Digitally Cocooning Ourselves

digital cocoon

I spend a lot of time on the Net. If my mother were still alive she might be a little concerned. “Go outside and get some fresh air” she would probably say. I still remember hearing those exact words as she made numerous futile attempts to pry my brother and I from our beloved Intellivision console.
I read dozens of blogs on a regular basis each week and I’m a fairly avid commenter—I think I’ve even got a Disqus profile, although I don’t recall ever creating it. I try, depending on my workload, to publish 3 to 5 posts each month myself. I’m also on the usual revolving list of social networks like most other people.

If there’s one thing I genuinely love about the Net it would have to be that it’s really, really eclectic.

You don’t have to go looking very far to find a broad range of ideas and opinions on every conceivable subject. Of course it goes without saying, there’s something for everyone—every taste, niche interest, political viewpoint, ideological perspective, cultural or spiritual belief—from mainstream to the über obscure.
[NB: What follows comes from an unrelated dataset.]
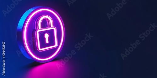 Anti tracking and protection concept. Neon lock symbol representing security and protection.

But some of us don’t necessarily gravitate towards the open expansiveness offered by the Net. In fact it’s become quite fashionable (and easy), through a range of tools and technologies, to filter basically everything we consume, create, or interact with online and focus our attention into a narrow stream of influence.
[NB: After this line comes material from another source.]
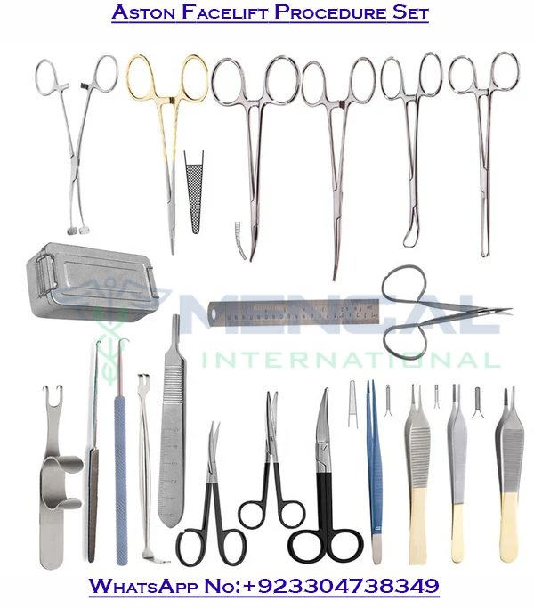 The Aston Facelift Instruments Set is a premium, surgeon-approved collection of facial plastic surgery instruments specifically designed for facelift (rhytidectomy) and advanced facial rejuvenation procedures. Engineered to support the Aston facelift technique, this comprehensive set delivers exceptional precision, controlled dissection, and superior tissue handling, making it an ideal choice for plastic and cosmetic surgeons worldwide.

When did this tendency to ruthlessly filter all the things on our computer screens start? Back with email spam?
We can now effectively silence the Net’s rich diversity of information and ideas by focusing solely on the content we “like”. It could start by visiting the same 2 or 3 news sites every day or reading only the columnists who share our political sensibilities; associating only with our Facebook friends; following only the sports or listening to the bands we already know.
Personally, I haven’t the slightest clue why someone would want to set up an iGoogle start page and arbitrarily restrict the Net down to a few select information feeds when so many interesting Web sites await discovery.

Comfortably Numb
Doesn’t it feel like you’re sometimes in a rut online? Maybe Google works too well. The mobile apps we use have possibly become a little too precise. What ever happened to serendipity? Has cultural engagement been assimilated by algorithmic culture? If you’re not always looking for the most obvious result then go ahead and try another search engine. Visit sites you’ve never been to before. If you’re into digital technology try reading independent blogs instead of Mashable, TechCrunch, or Gizmodo; Pop culture, read something other than Huffington Post, Gawker, or BuzzFeed. Bet you can’t avoid at least a few sites on Technorati’s Top 100 though.

You could say some of us have begun digitally cocooning ourselves. If this were a dystopian science-fiction thriller our main characters would only be exposed to a limited set of information sources; interact only with people, ideas, and streams of content deemed appropriate by their peers and the draconian network administrators pulling the strings.
Thankfully the Net is adequately decentralized enough at the moment to prevent such a scenario from ever occurring.

Last week I came across another one of those 5-people-or-things-to-avoid-online-esque blog posts. By the way, these listicle style posts are just nauseatingly written and carry the assumption we’re all too pressed for time to actually do any real reading on our devices. (Funny thing, I was once lauded by a colleague for writing a “long-form” blog, as though it were some sort of nostalgic ode to the pre-digital age of publishing when everything was analog, but I digress). Instead, the popular notion is that brevity reigns supreme on the Net. People like Nicholas Carr suggest we’re skimming articles and only absorbing select fragments of information, sorry, but I again digress.

There are countless so-called experts in social media land preaching to us who and what to avoid on the Net so our experience is “optimized”. No thanks. I love the raw unfiltered discussions and sometimes bizarre random left-field stuff people do and say online.

It’s almost too easy to avoid things we find disagreeable on the Net. Delete, block, unfriend, unfollow, unsubscribe, blacklist.
I have this tool on my site’s control panel called Spam Assassin and it’s just scary how much stuff this app will block. If you’re not careful, messages from real, live people not trying to sell you something will get sent to the trash bin never to be read by human eyes.

While tools like Akismet are rather indispensable, taken to extremes, overzealous “preference” filters can lead to an unnecessarily insular digital existence where we consume and interact ONLY with the things we find fit our specific tastes, social profiles, and criteria for sharing. But go ahead, filter and block away if you feel so compelled. Just realize what you could be missing.